In the entries below, find the line with "在当今社交媒体蓬勃发展的时代" and transcribe it and every line after it exactly, through the last line, without pictures.
──────── RECORDS SUPPLIED
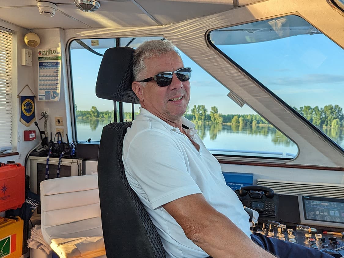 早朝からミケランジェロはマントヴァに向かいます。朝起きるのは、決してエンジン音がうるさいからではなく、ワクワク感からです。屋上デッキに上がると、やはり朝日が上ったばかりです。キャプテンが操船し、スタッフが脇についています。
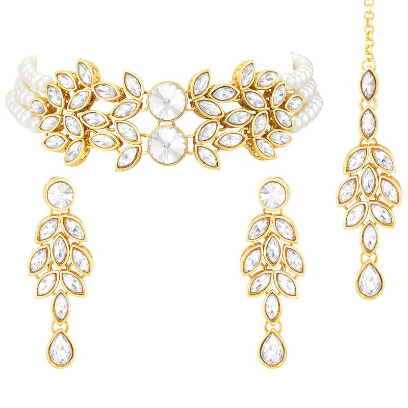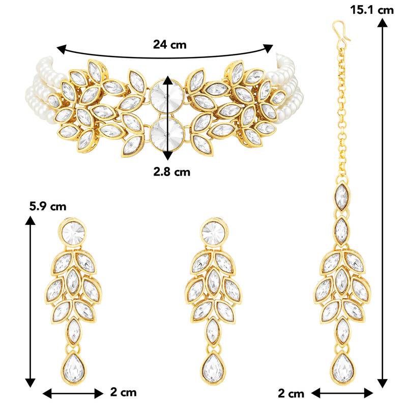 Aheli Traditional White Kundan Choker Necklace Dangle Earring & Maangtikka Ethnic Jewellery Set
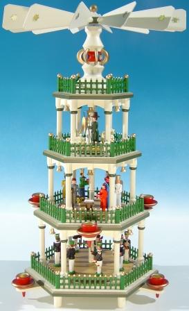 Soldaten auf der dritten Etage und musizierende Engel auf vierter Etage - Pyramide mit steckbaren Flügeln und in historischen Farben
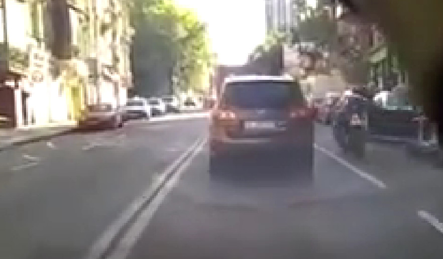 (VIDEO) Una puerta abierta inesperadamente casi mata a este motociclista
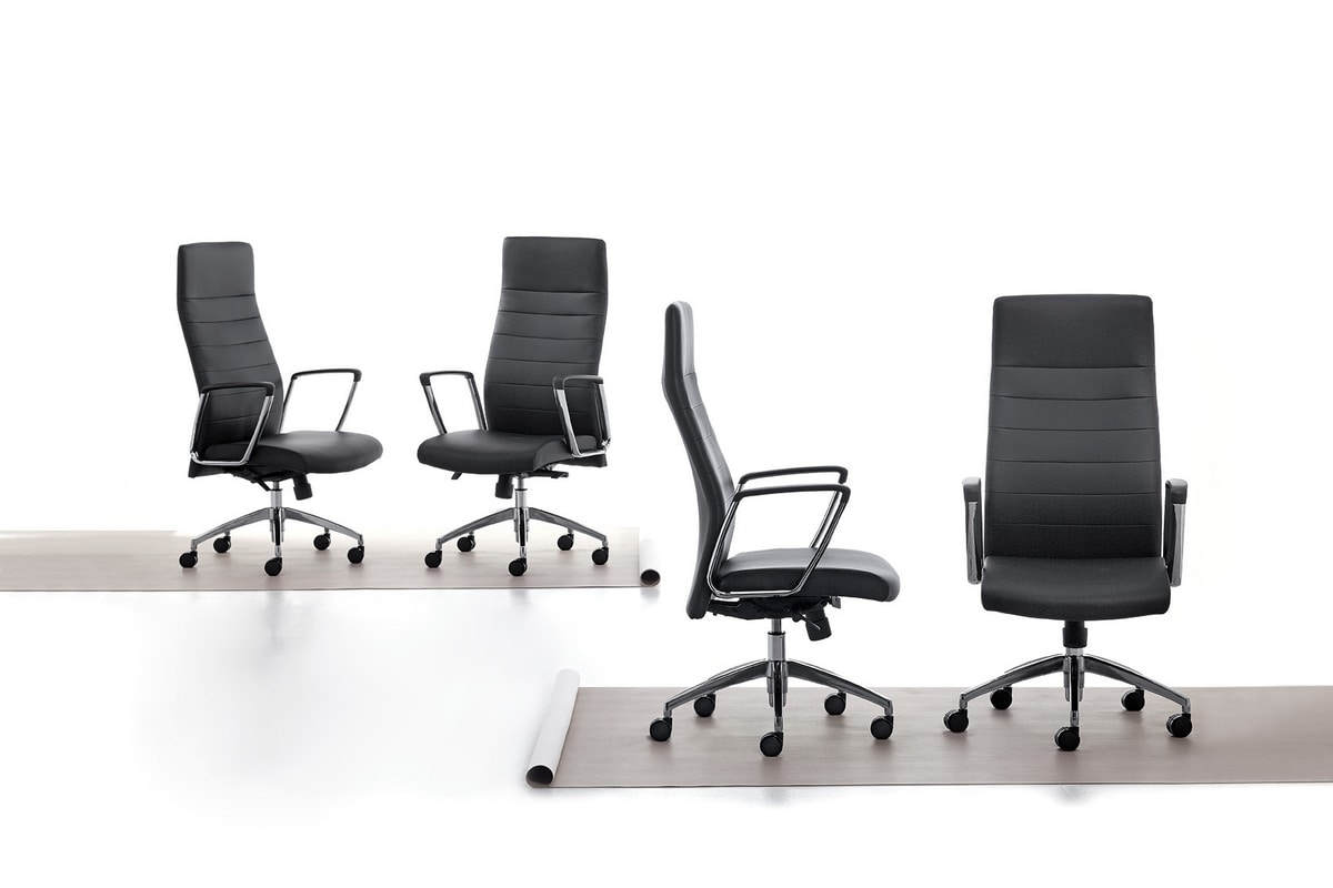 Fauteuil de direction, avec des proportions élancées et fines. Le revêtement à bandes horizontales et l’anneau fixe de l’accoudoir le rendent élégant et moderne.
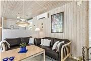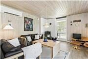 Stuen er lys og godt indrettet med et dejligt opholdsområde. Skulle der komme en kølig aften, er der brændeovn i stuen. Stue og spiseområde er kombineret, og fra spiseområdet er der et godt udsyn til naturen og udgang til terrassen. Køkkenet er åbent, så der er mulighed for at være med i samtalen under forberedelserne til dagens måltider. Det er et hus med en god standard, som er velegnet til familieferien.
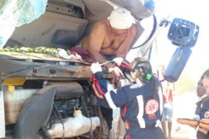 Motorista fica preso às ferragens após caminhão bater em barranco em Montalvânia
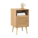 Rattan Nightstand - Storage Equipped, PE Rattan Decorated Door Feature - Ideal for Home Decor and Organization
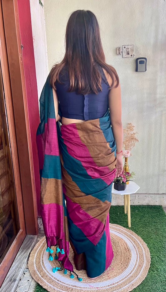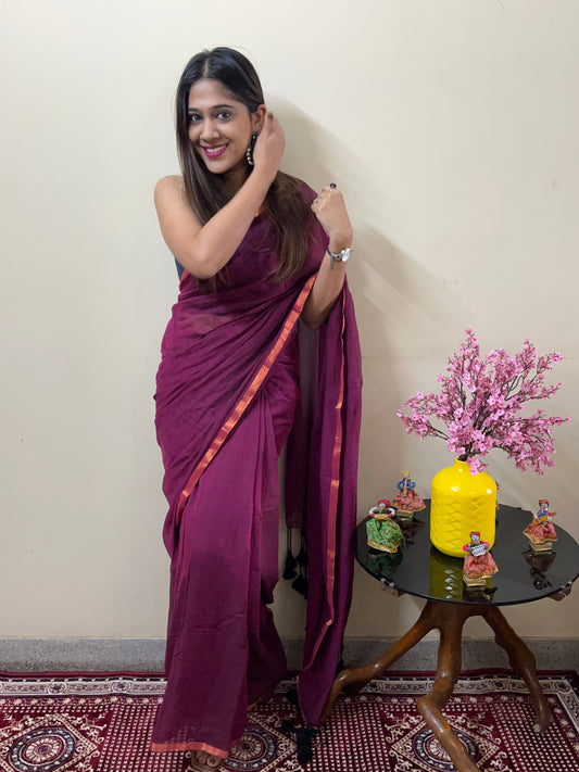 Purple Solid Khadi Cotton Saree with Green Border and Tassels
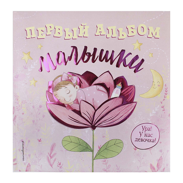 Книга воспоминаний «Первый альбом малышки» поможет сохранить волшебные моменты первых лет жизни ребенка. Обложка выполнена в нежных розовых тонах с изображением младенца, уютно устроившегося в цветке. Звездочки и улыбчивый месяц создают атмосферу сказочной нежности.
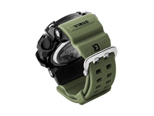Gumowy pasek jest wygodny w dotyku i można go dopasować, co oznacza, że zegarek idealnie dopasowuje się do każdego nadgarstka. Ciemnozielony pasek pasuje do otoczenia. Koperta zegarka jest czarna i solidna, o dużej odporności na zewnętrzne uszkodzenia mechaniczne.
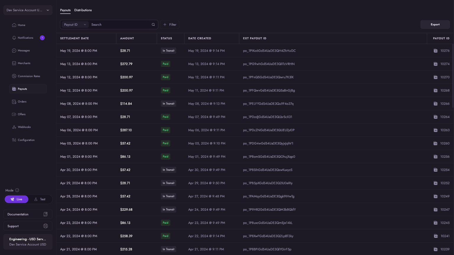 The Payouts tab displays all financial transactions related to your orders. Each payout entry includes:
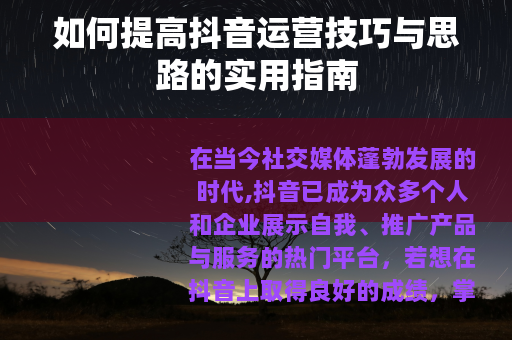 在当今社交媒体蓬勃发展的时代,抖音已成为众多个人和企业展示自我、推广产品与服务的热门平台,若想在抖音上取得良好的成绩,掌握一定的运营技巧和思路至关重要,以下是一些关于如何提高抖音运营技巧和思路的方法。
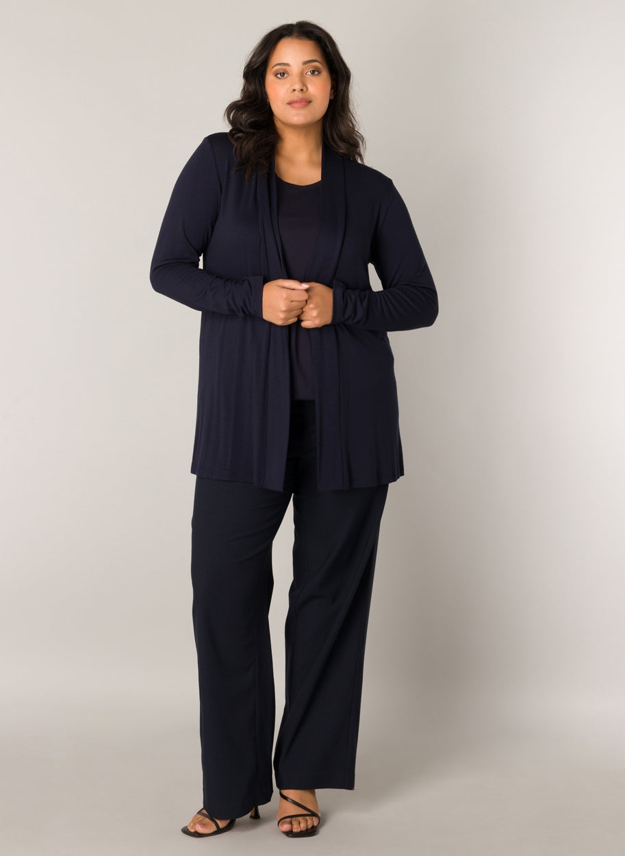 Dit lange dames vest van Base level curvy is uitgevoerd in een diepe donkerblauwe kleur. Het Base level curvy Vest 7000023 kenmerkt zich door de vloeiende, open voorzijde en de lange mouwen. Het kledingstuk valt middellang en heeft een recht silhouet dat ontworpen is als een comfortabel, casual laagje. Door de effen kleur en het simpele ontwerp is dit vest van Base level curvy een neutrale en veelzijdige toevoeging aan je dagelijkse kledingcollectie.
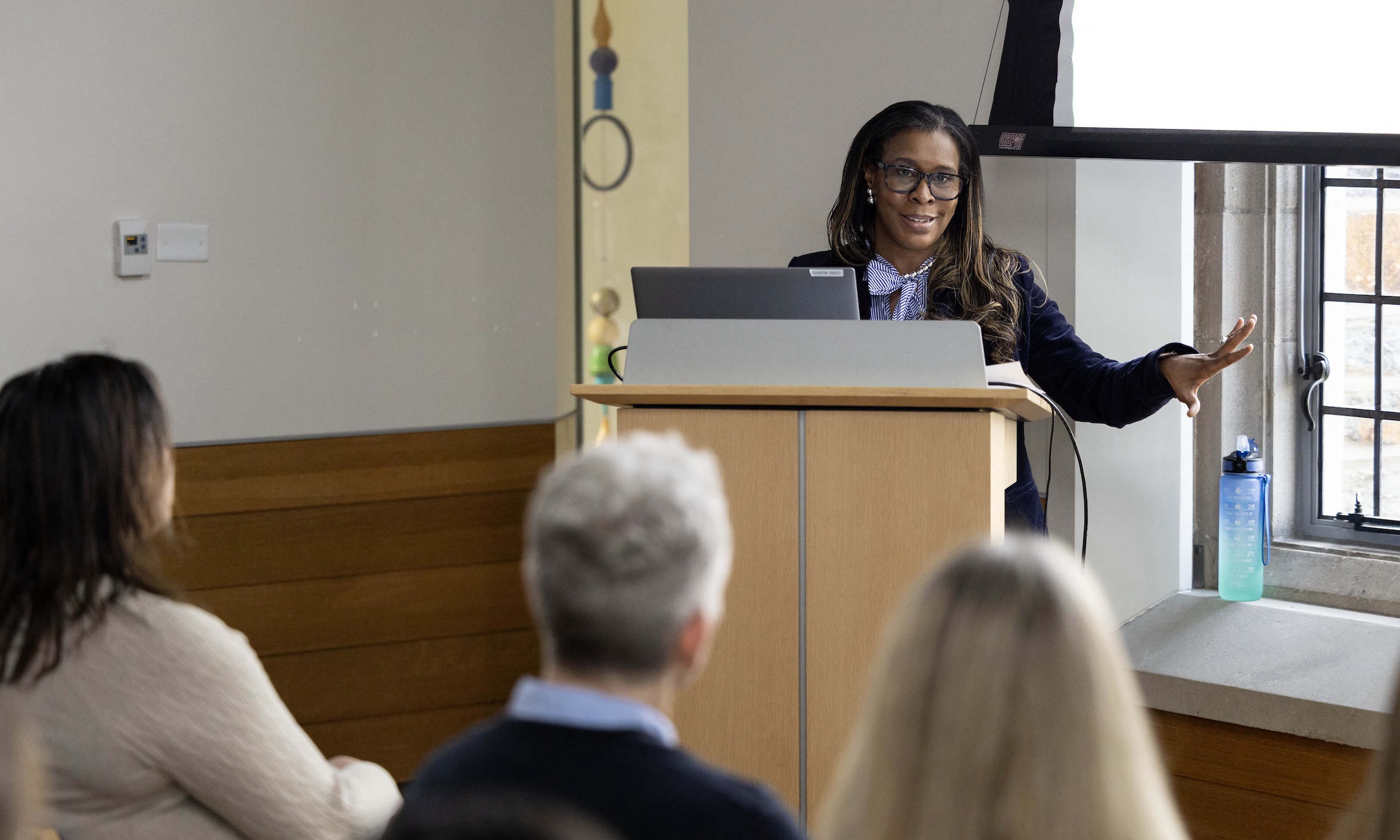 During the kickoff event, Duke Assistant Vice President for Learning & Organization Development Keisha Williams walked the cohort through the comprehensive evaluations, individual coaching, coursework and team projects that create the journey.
────────────────
* **RESPONSE BELOW**
 在当今社交媒体蓬勃发展的时代,抖音已成为众多个人和企业展示自我、推广产品与服务的热门平台,若想在抖音上取得良好的成绩,掌握一定的运营技巧和思路至关重要,以下是一些关于如何提高抖音运营技巧和思路的方法。
 Dit lange dames vest van Base level curvy is uitgevoerd in een diepe donkerblauwe kleur. Het Base level curvy Vest 7000023 kenmerkt zich door de vloeiende, open voorzijde en de lange mouwen. Het kledingstuk valt middellang en heeft een recht silhouet dat ontworpen is als een comfortabel, casual laagje. Door de effen kleur en het simpele ontwerp is dit vest van Base level curvy een neutrale en veelzijdige toevoeging aan je dagelijkse kledingcollectie.
 During the kickoff event, Duke Assistant Vice President for Learning & Organization Development Keisha Williams walked the cohort through the comprehensive evaluations, individual coaching, coursework and team projects that create the journey.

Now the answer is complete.